The Loeb Classical Library is that red- (Latin) and green- (Greek) jacketed friend of Classics students the world over. They are cribs, basically, with facing pages of ancient text and English translation. Many an under-prepared student has surreptitiously slipped a Loeb inside the respectable, somber blue-bound Oxford edition and thus made it through section with dignity intact. The texts are not authoritative, and lack an apparatus criticus, while the translations are usually very, very bad. But, newer editions are better, and they get the job done. Try using Lattimore's translation of Aeschylus as an aid to reading sometime and tell me how you fare. (Spoiler: badly. And please don't tell me you just sit down with the dictionary, commentary and the OCT, either. No, you don't, not until the third read.) The Loeb's have a funny feature, though. When things get too racy in the Greek text, (see Aristophanes, passim) the facing text suddenly becomes (slightly bowlderized) Latin. The editors, in their desire to protect schoolboys from smut, seem to have reasoned that if their Latin was good enough to get them through they were old enough to know about buggery. But what about the Latin texts? What to do with, say, Catullus XVI (oh, all right, and passim)? This is where the editors got clever.

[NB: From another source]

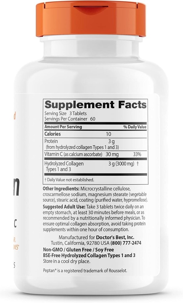 Hydrolyzed Collagen Types 1 & 3 with Peptan | 180 Tablets for Overall Wellness ‹ › ‹ › ‹ › ‹ › ‹ › ‹ › ‹ › ‹ › ‹ › Hydrolyzed Collagen Types 1 & 3 with Peptan | 180 Tablets Unlock Your Best Self with Essential Collagen Experience the power of Hydrolyzed Collagen Types 1 & 3 , meticulously designed to support your overall wellness. This supplement is not just a beauty regime; it’s a commitment to enhancing your health and vitality. Key Benefits: Comprehensive Support: Supports hair, skin, nails, tendons, ligaments, and bones while promoting joint comfort, mobility, and an improved quality of life. Youthful Appearance: Works at a structural level, helping maintain youthful skin by boosting its structure and volume. Optimized Absorption: Features pure collagen protein that is enzymatically hydrolyzed into low molecular weight peptides for optimal bioavailability, ensuring your body can utilize every nutrient. Formulated for Your Needs: Available in easy-to-swallow tablets, but also offered in capsules and powder for versatile consumption preferences. Non-GMO and Gluten-Free: Formulated with care to fit a variety of dietary lifestyles without compromising quality. Why Choose Hydrolyzed Collagen Types 1 & 3? As the most abundant protein in our body, collagen is vital for maintaining the strength and flexibility of various tissues. By incorporating our collagen supplement into your daily routine, you provide your body with the essential building blocks for the growth and maintenance of healthy skin, joints, and connective tissue. Each tablet is enriched with Vitamin C, a crucial nutrient for collagen synthesis, ensuring you receive the complete benefits of this remarkable compound. Elevate your wellness journey and embrace the transformative benefits of Hydrolyzed Collagen Types 1 & 3. Order your 180-tablet supply today to experience a new era of vitality and enduring beauty! Shipping Free & Fast Shipping - We offer free shipping to most of the USA with a normal delivery time of 3-7 days. However, due to the current situation, additional delivery time (up to 3 weeks) may be required for some items. Alternative Carriers - We may use alternative carriers (e.g. USPS, FedEx, UPS, etc.) to ensure your package arrives safely and on time. Due to the use of multiple carriers, we are unable to provide a tracking number automatically. Handling Time - Orders are processed and shipped within 1-2 business days of receiving cleared payment. Shipping Restrictions - Shipping to Alaska, Hawaii, Puerto Rico, Guam, and other US territories may incur shipping charges or delivery restrictions. Please contact us before ordering, or your order can be refunded/cancelled. State Restrictions - There may be restrictions based on your state of purchase. For example, certain items may not be shipped to California due to state regulations. Contact for Tracking Updates - If you require tracking updates or have any concerns about the delivery of your order, please feel free to contact us, and we will be happy to assist you. Return 30-Day Hassle-Free Returns - We want you to be completely satisfied with your purchase. If you are not, you can return the item within 30 days of receiving it for a full refund or exchange. Easy Return Process - To start a return, simply contact us and we will provide you with a prepaid return shipping label and detailed instructions. Restocking Fee - There are no restocking fees for returns. However, the buyer is responsible for return shipping costs if the return is not due to a seller's error. Refund Processing Time - Refunds will be processed within 5 business days of receiving the returned item in its condition. Payment We accept all major credit cards, PayPal, and Apple Pay for your convenience. Your payment information is secure and encrypted to ensure a safe and seamless transaction. Please complete your payment within 3 days of purchase to avoid any delays in shipping. Feedback Your feedback is extremely important to us. We strive to provide the best products and customer service possible. If you are satisfied with your purchase, please take a moment to leave us a positive review. If you have any concerns or issues with your order, please contact us before leaving negative feedback. We are committed to resolving any problems and ensuring your satisfaction. Contact Us If you have any questions or concerns, please feel free to out to our customer support team. You can contact us through the eBay messaging system. We are available Monday to Friday, 9:00 am to 5:00 pm EST, and we will do our best to respond to your inquiry within 24 hours. Buy it now and enjoy a pleasant shopping experience! Unit Quantity: 180 Active Ingredients: Collagen,Vitamin C Formulation: Capsule,Powder,Tablet Features: Non-GMO,Gluten Free,Soy Free Main Purpose: Hair, Skin & Nail Health,Joint Support,Hair,Skin & Nail Health,Bone & Joint Support Ingredients: Collagen,Vitamin C Department: Adult Type: Vitamin Number of Pills: 180 Dosage: 1000 mg Item Weight: 7.05 oz Unit Type: oz

In these cases the English text suddenly becomes Italian. Clearly, any lad old enough to have learned such a racy language, spoken by such emotional people and so on, can learn about forcible oral sodomy and what not. (Yes, the Romans had a word for it. Fine, it's pedicare.)
UPDATE: I was wondering about this myself in the wee hours of the night, but Mitch kindly pointed it out. To orally sodomize someone is actially irrumare; pedicare is just the regular anal kind. They both appear in the first line of Catullus XVI; I couldn't remember which was which and my Latin dictionary is at John's office for no reason. Hope this didn't result in any awkwardness for time-travelling blog readers in the meanwhile.
Ah yes, "pedicabo ego uos et irrumabo". Those verbs certainly weren't in our pocket Latin dictionaries. (Aside: Why is it so fun to learn dirty words in a foreign language?) I remember well just how flustered and redfaced our rather proper Latin teacher got as he rendered them, quite accurately actually, into modern colloquial English. Number 58 triggered in him the same fits of blushing and stammering, but he did a great job of patiently explaining how "magnanimi" was a double entendre.
Posted by: Mitch Mills | November 12, 2003 at 10:06 PM
Hold on a second, isn't "pedicare" the one about the buggery, and "irrumare" the one about the, um, other practice?
I just want to be sure, so I won't make any faux pas the next time I speak to, say, the Pope.
Posted by: Mitch Mills | November 12, 2003 at 10:22 PM
According to The Student's Catullus, pedicare is indeed about buggery and irrumare fellatio. For conversation with the Pope (about which cardinal is cinaedissumus, or something) I'd just stick to the more general-purpose (ec)futuere, though.
Posted by: ben wolfson | November 13, 2003 at 11:17 AM
Hilarious! Thanks for posting this.
Posted by: Asaf Bartov | November 13, 2003 at 03:11 PM
Ha! Thank you for reminding me. There is a reason why I know all the bad words in Greek, Latin, Italian (and English) and not in my native Norwegian.
Posted by: Klara | November 13, 2003 at 03:49 PM
Yeah, fellatur qui irrumat, irrumatur qui fellat.